Золотая ветвь. Исследование магии и религии
Шрифт:
В Новой Зеландии страх перед священными особами вождей был столь же велик, как на островах Тонга. По принципу заражения их духовное могущество, унаследованное от духов предков, распространялось на все, к чему они притрагивались, и могло насмерть поразить всякого, кто по оплошности или недосмотру оказывался на их пути. Однажды, например, случилось так, что новозеландский вождь высокого ранга и великой святости оставил на обочине дороги остатки своей пищи. После его ухода подоспел раб, дюжий голодный малый, увидел оставшуюся еду и, не спросив, съел ее. Не успел он покончить с обедом, как ему с ужасом сообщили, что съеденная им пища принадлежала вождю. «Я хорошо знал несчастного преступника. Это был человек замечательного мужества, покрывший себя славой в межплеменных войнах», -рассказывал путешественник, но "как только роковая весть достигла его ушей, у него начались исключительной силы судороги и спазмы в животе, которые не прекращались до самой смерти, последовавшей на закате того же дня. Это был сильный мужчина в самом цвете лет. и, если какой-нибудь вольнодумец-пакеха (то есть европеец) посмел бы утверждать, что причиной его смерти была не тапу вождя, которая перешла на него через пищу, его выслушали бы с чувством презрения к его невежеству и неспособности понимать очевидные и прямые доказательства". Случай этот не единичный. Женщина маори, до которой после съедения какого-то фрукта дошло известие, что этот плод был взят в табуированном месте, воскликнула, что дух вождя, чью святость она осквернила, поразит ее. Это случилось в полдень, а к двенадцати часам следующего дня она была мертва. Однажды причиной смерти нескольких людей явилось огниво вождя, которое тот потерял. Найдя его, несколько мужчин зажгли с его помощью свои трубки, а узнав, кому оно принадлежало, умерли от ужаса.

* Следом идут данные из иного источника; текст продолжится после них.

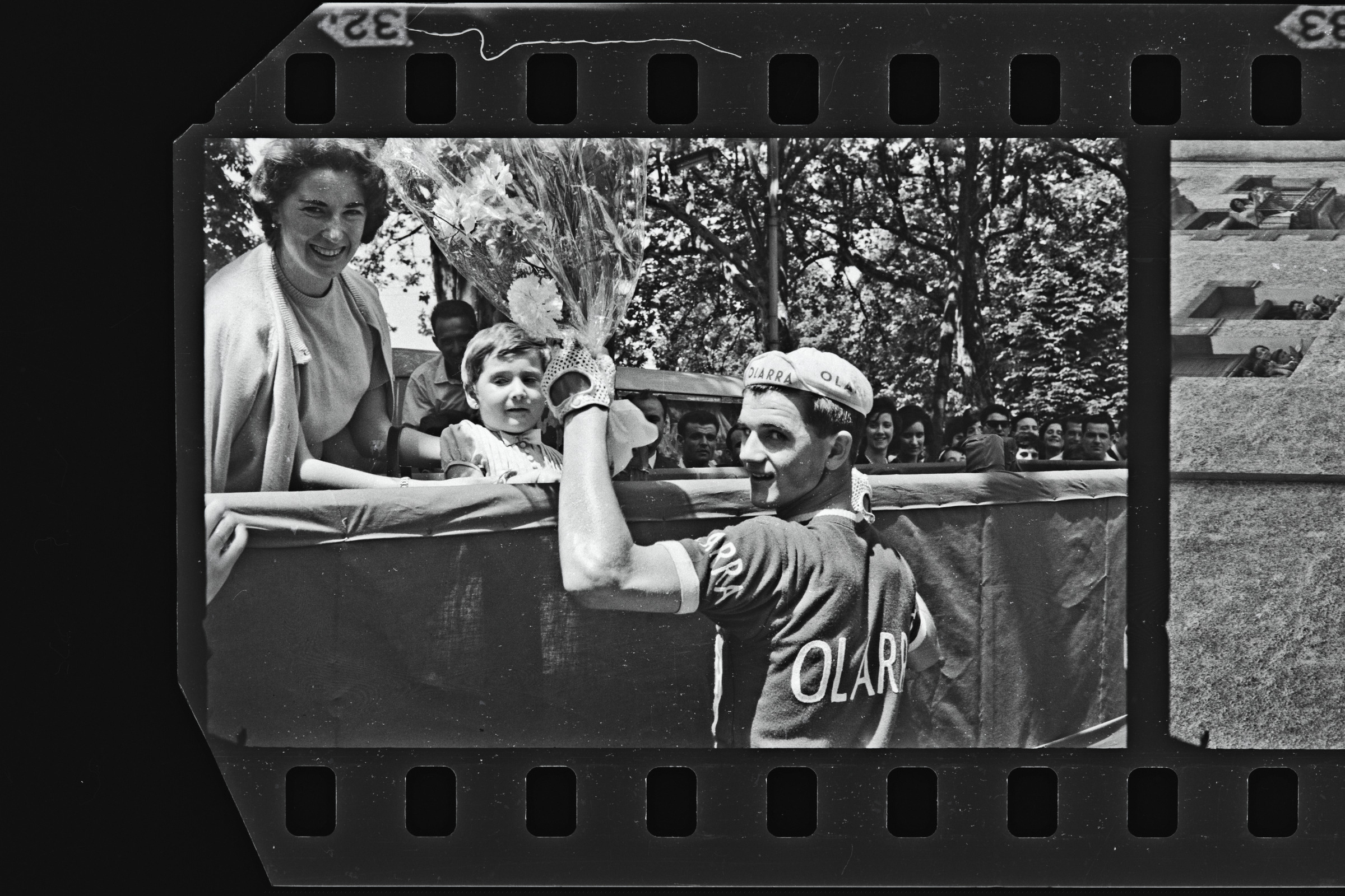 | El ciclista recogiendo un ramo de flores de manos de una niña en la tribuna | Ciclismo. Pascuas de Pentecostés. Vencedor: 17, 18 y 19 de mayo de 1964 |

И одеяние верховного вождя Новой Зеландии приносит смерть всякому, кто решится его надеть. Один миссионер был свидетелем того, как вождь бросил в пропасть шерстяное одеяло, которое показалось ему слишком тяжелым. На вопрос миссионера, почему
Итак, у полинезийских народностей, к которым принадлежат маори, суеверие воздвигло вокруг священных особ вождей барьер одновременно реальный и воображаемый. Переход через этот барьер влек за собой смерть, как только преступник узнавал, что он натворил. Роковая сила фантазии, одержимость суеверными страхами характерна не только для полинезийцев. По всей вероятности, она присуща всем дикарям. Так, австралийский абориген умрет от пустяковой царапины, если ему покажется, что оружие, которым она нанесена, заговорено и наделено, таким образом, магической силой. В этом случае он просто-напросто ложится, отказывается от пищи и чахнет. Если знахарь у индейских племен Бразилии предрек скорую смерть тому, кто чем-то его обидел, «бедняга тут же укладывался в гамак; уверенность в своей близкой кончине была столь сильна, что он отказывался от еды и питья. Предсказание служило приговором, который приводила в исполнение вера».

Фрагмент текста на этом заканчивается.